CORTE SUPREMA DE JUSTICIA SALA DE CASACIÓN LABORAL CARLOS ERNESTO MOLINA MONSALVE Magistrado Ponente Radicación N° 55426 Acta N° 33 Bogotá, D.C., dieciocho (18) de septiembre de dos mil doce (2012). Resuelve la Corte el recurso de reposición “y en subsidio de apelación” interpuesto por la apoderada de la parte demandante recurrente contra el auto de fecha 20 de junio de 2012, proferido dentro del proceso ordinario adelantado por MARÍA GLADYS ARIAS MONTOYA, HERNÁN ALONSO OSPINA ARIAS, ÁNGELA PATRICIA OSPINA ARIAS y CLAUDIA YANET OSPINA ARIAS contra MIGUEL ÁNGEL VELÁSQUEZ y DISPANO S.A. Igualmente decide la Corte la nulidad “de la SANCIÓN IMPUESTA consistente en MULTA equivalente a 10 S.L.M.V” propuesta por la apoderada de los accionantes.
I.
ANTECEDENTES Mediante el auto recurrido, esta Sala declaró DESIERTO el recurso extraordinario interpuesto por MARÍA GLADYS ARIAS MONTOYA, HERNÁN ALONSO OSPINA ARIAS, ÁNGELA PATRICIA OSPINA ARIAS y CLAUDIA YANET OSPINA ARIAS, contra la sentencia proferida por el Tribunal Superior del Distrito Judicial de Bogotá el 25 de noviembre de 2011, toda vez que dentro del término de Ley, no fue presentada la correspondiente demanda.
Igualmente, en dicha providencia se impuso a la abogada de los recurrentes, Doctora CLAUDIA PATRICIA CORREA PINEDA, la multa de diez (10) salarios mínimos mensuales legales vigentes, de conformidad con lo establecido por el artículo 49 de la Ley 1395 de 2010. El 28 de junio de 2012, la apoderada sancionada, interpone recurso de reposición “y en subsidio de apelación” contra dicho proveído, con el fin de que se revoque parcialmente el auto objeto de impugnación, en cuanto a la multa que le fue impuesta, o en su defecto, que ésta sea disminuida.

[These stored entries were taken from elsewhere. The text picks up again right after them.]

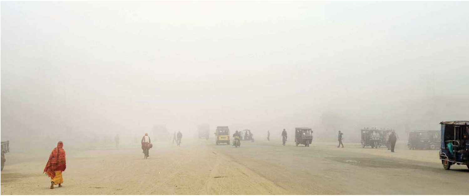
लहानमा कुहिरा | सिरहाको लहानमा मंगलवार बिहान लागेको कुहिरा। बाक्लो हस्सु र कुहिराले यहाँको जनजीवन प्रभावित भएको छ।
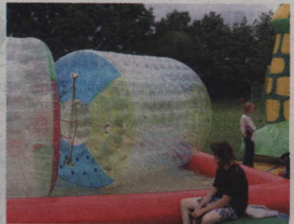
Dużą popularnością cieszyły się zabawy w kulach wypełnionych powietrzem.
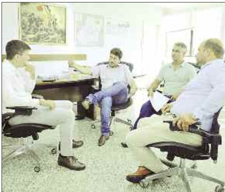
Reunião que busca benefícios para atender Ipiranga de Goiás
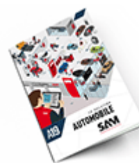
Automobile SAM 2019
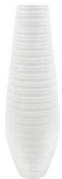
AR-06-BI conf. 1 pz h mm. 800 - Ø 240 interno h mm. 785 - Ø 135
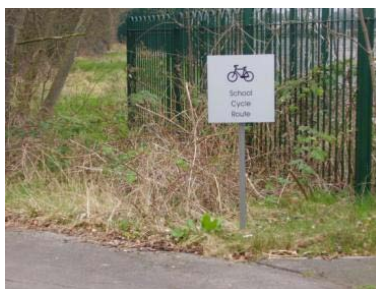
El acceso en bici a la escuela puede hacerse por carretera, con carril-bici no separado... o por una vía ciclista específica.
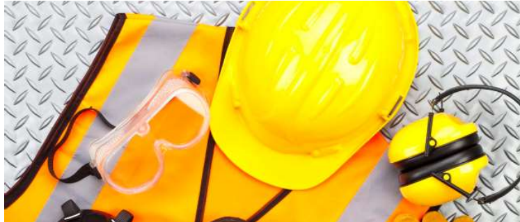
Equipamentos de Proteção Individual serão destinados a Obras e Infraestrutura Urbana

A contratação tem como objetivo a reposição e complementação do estoque de EPIs, com a finalidade de garantir condições

Aduce para el efecto, que el tema base del litigio había sido definido por esta Corporación en un asunto similar, por lo que consideró la no viabilidad de la sustentación del presente recurso de casación, “por la imposibilidad jurídica de fundamentarlo frente a la posición jurisprudencial presentada por la Corte (…)”; que esta situación condujo a que se configurara un “desistimiento tácito”; que la norma que contiene la sanción impuesta, pretende castigar la desidia o negligencia en la presentación de la demanda, por lo que no puede ser aplicada de manera automática; que asumió la gestión profesional del asunto bajo estudio “únicamente atada a las resultas del proceso”; y que tiene la condición de “madre cabeza de familia”.

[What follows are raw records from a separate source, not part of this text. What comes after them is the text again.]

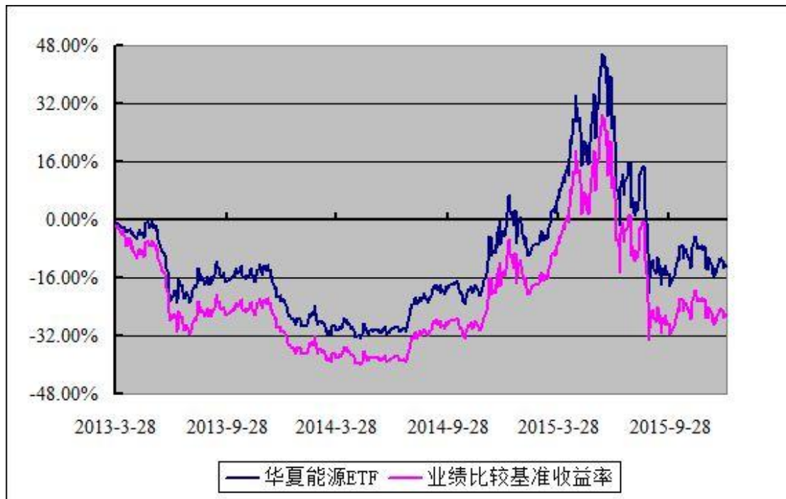
上证能源交易型开放式指数发起式证券投资基金 份额累计净值增长率与业绩比较基准收益率历史走势对比图 （2013年3月28日至2015年12月31日）
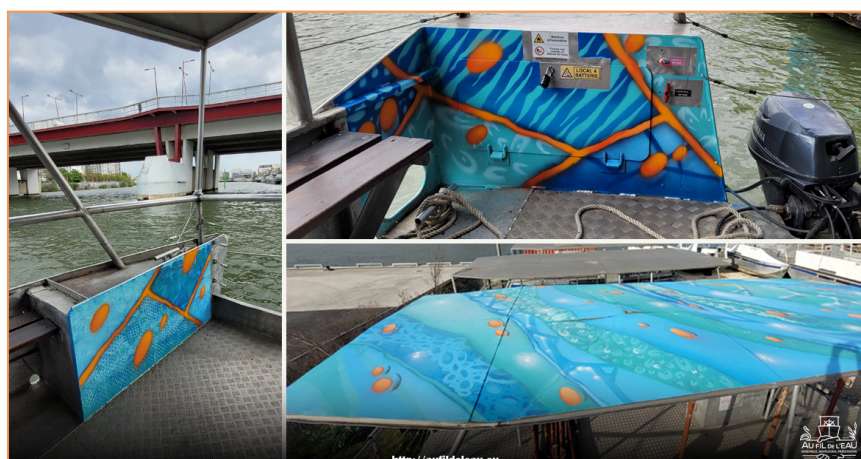
Fresque sur le Catalogue
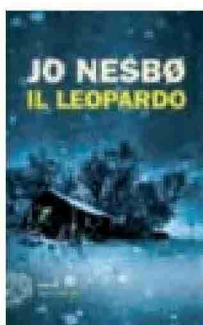
JO NESBO Il leopardo Einaudi, 2011 pp. 767, euro 21,00

Lotte e colpi di scena accompagneranno il lettore in un cammino seminato di malvagità e omicidi.
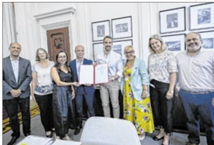
A proposta do CAS é ofertar 1.200 atendimentos
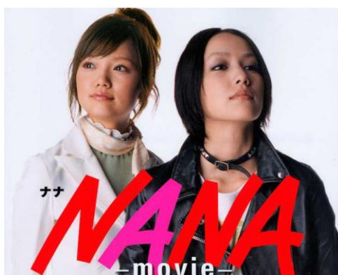
ภาพที่ 8 ภาพยนตร์เรื่อง NANA

นอกจากนี้ ช่วงครึ่งหลังของทศวรรษนี้ การ์ตูนและภาพยนตร์ชื่อ NANA ทำให้กระแสความนิยมของ Lolipunk หรือการผสมผสานระหว่างแฟชั่นโลลิต้ากับแฟชั่นพังค์แพร่หลายมากขึ้นอีก โดยการเลียนแบบตัวละครหลักที่ชื่นชอบในแบรนด์สัญชาติอังกฤษ Vivienne Westwood ซึ่งเป็นแบรนด์ที่รู้จักกันดีในกลุ่มแฟชั่นที่สะท้อนกระแสพังค์และมีแนวคิดขบถสังคมเช่นเดียวกับแฟชั่นโลลิต้า ด้วยยุคโลกาภิวัตน์ อินเทอร์เน็ตทำให้เราสามารถเข้าถึงวัฒนธรรมญี่ปุ่นได้ง่ายขึ้น ทั้งการ์ตูน เพลง ภาพยนตร์ รวมไปถึงแฟชั่นโลลิต้า จึงทำให้เกิดกลุ่มคนรักแฟชั่นโลลิต้าทั่วโลก
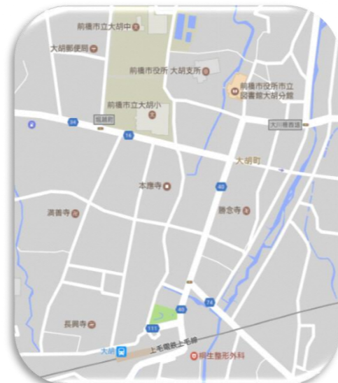
上毛電気鉄道「大胡駅」下車徒歩5分

本校は明治6年10月開校、創立154年目を迎えた歴史と伝統のある学校です。平成16年4月に児童数千人を超え、新設された大胡東小学校に330名程の児童を送り出しました。その後児童数は年々減少傾向にあり、2026年度は、347名でスタートしました。新校舎の建設は、平成17年10月に始まり、平成19年2月に完成しました。校歌に歌われている校庭の大樹は、周囲が10m、樹高20m以上あり、子どもたちに親しまれています。四季を通して、木のまわりで遊ぶ子どもの姿が多く、学校のシンボルツリーとなっています。陸上競技等の運動が盛んであると同時に、俳句や詩の創作活動も伝統的な取組となっています。また、創立43周年を迎える「けやき合唱団」の歌声も大変すばらしく、地域行事やコンクールなどで、多くの方に親しまれています。
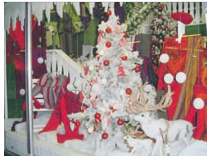
Ena od jeseniških izložb, ki so jih lepo uredili v teh predprazničnih dneh, je izložba trgovine Miksi.
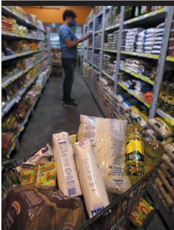
COMPRAS — Orientação é observar se produtos mais em conta são da mesma qualidade dos mais caros
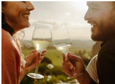
Genießen Sie Ihre Zeit in Rüdesheim

Direkt in einer Moselschleife gelegen besticht Traben Trarbach mit einem wunderschönen Panorama. Über der Stadt thronen die Mauern der 1350 erbauten Grevenburg von der nach 1734 nur noch Ruinen übrig geblieben sind. Ihre Weiterfahrt führt Sie nach Bernkastel-Kues, ein wahres Kleinod an der Mosel. Klein und fein, trägt der Ort trotzdem einen so großen Beinamen wie „Internationale Stadt der Rebe und des Weines“. Nutzen Sie die Gelegenheit und probieren Sie hervorragende Weine direkt vor Ort beim Winzer! Sie finden hier auch ein Weinemuseum. Doch Bernkastel hat noch mehr zu bieten: Sie besuchen eine Stadt, in der schon die Römer ihre Spuren hinterließen. Schlendern Sie über den wunderschönen Marktplatz, vorbei an stolzen Fachwerk-Häusern, und besichtigen Sie das Geburtshaus von Nikolaus von Kues.

Allega como pruebas: (i) el contrato de prestación de servicios profesionales, (ii) registro civil de nacimiento de su menor hija; (iii) certificados de pagos; y (iv) copia de la sentencia de casación laboral de fecha 1° de marzo de 2010, radicación 35864. De otra parte, mediante el escrito obrante a folios 41 a 44, el 28 de junio de 2012, solicita la “NULIDAD de la SANCIÓN IMPUESTA (…) por VIOLACIÓN AL DEBIDO PROCESO Y DERECHO DE DEFENSA”.
Para fundamentar el incidente propuesto, comienza por transcribir apartes de la sentencia C-203 de 2011; y señala que previamente a imponer el correctivo, debió permitirse su intervención, a fin de ejercer su defensa; que frente a tal sanción opera el artículo 29 de la Constitución Política; que fue gravada con la multa más alta “SIN NINGUNA DOSIFICACIÓN ”; que la norma castiga la desidia o negligencia y en el sub lite esas conductas no se evidenciaron; y que por tratarse de una decisión de carácter sancionatorio, debió ser notificada de manera personal, y así observar las reglas del debido proceso y del derecho de defensa.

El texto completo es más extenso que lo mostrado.